Dix ans plus tard, cet enfant est devenu Mehmet (Elez Adzović), un jeune homme impulsif, si désireux d’apprendre les leçons de son père, respecté de tous, qu’il agit souvent sans réfléchir. En effet, c’est son impulsivité qui déclenche le dilemme central : lorsque Mehmet voit un garçon de son âge (Vuk Bulajić) fuyant une bande paramilitaire sanguinaire, il l’invite à entrer dans la cour des Doka.
Le garçon en question est un chrétien dont les parents ont été brutalement assassinés par des soldats, membres de l’infâme unité Skanderbeg de la Waffen SS. Ces hommes albanais désordonnés entourent la maison Doka, exigeant également la vie de l’enfant.

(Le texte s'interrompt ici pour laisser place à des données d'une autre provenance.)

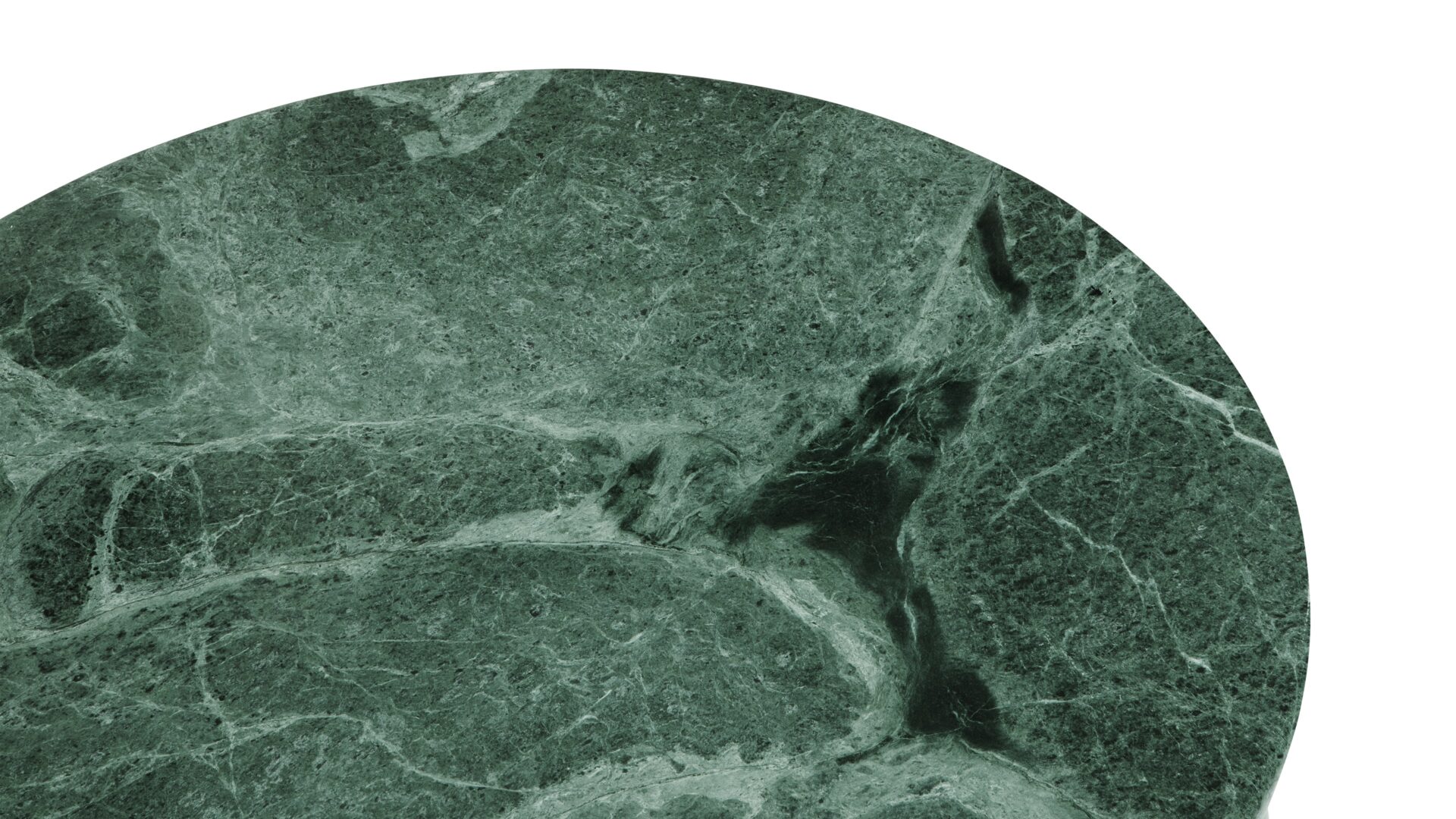 Expertly crafted with precision, this coffee table showcases a round top, offered in green marble or travertine, radiating natural beauty and enduring elegance. The authentic Italian stone, renowned for its unique patterns and hues, brings an essence of organic sophistication to any home decor. Every individual piece of travertine and marble is meticulously chosen and hand-finished to highlight its distinctive qualities.

Cependant, l’honneur et l’empathie de Nuredin l’empêchent de livrer le jeune garçon terrorisé à la bande, étant donné qu’il est lié par d’anciennes traditions d’hospitalité, même s’il comprend que cette décision pourrait mettre sa famille en danger. Son père âgé (Selman Jusufi) le soutient, notant : « Allah a envoyé cet enfant pour nous mettre à l’épreuve. En temps de guerre, il est facile de devenir moins qu’un homme honorable. »
Voyant qu’il n’y a pas moyen d’apaiser les soldats, qui sont encouragés par le vile violeur Abid (Aleksandar Radulović) malgré les tentatives de Mark Gjonaj (Alban Ukaj) de désamorcer la situation, Nuredin joue pour gagner du temps, exigeant de voir leur commandant (Branimir Popović). Après que le commandant a confirmé les pires craintes de Nuredin, il appelle un juge local (Nikola Ristanovski) pour obtenir des conseils, mais le raisonnement prudent de l’homme sage sur les options le laisse avec peu d’espoir.
Le scénario tendu et soigneusement élaboré par Ana Vujadinović et Melina Pota Koljević, avec l’apport du réalisateur Vukčević, aboutit à une fin qui résume habilement tous les éléments précédents. Destin, vertu, sacrifice et connaissance de soi se rejoignent, accompagnés d’une rime visuelle, pour préserver le nom honorable des Doka.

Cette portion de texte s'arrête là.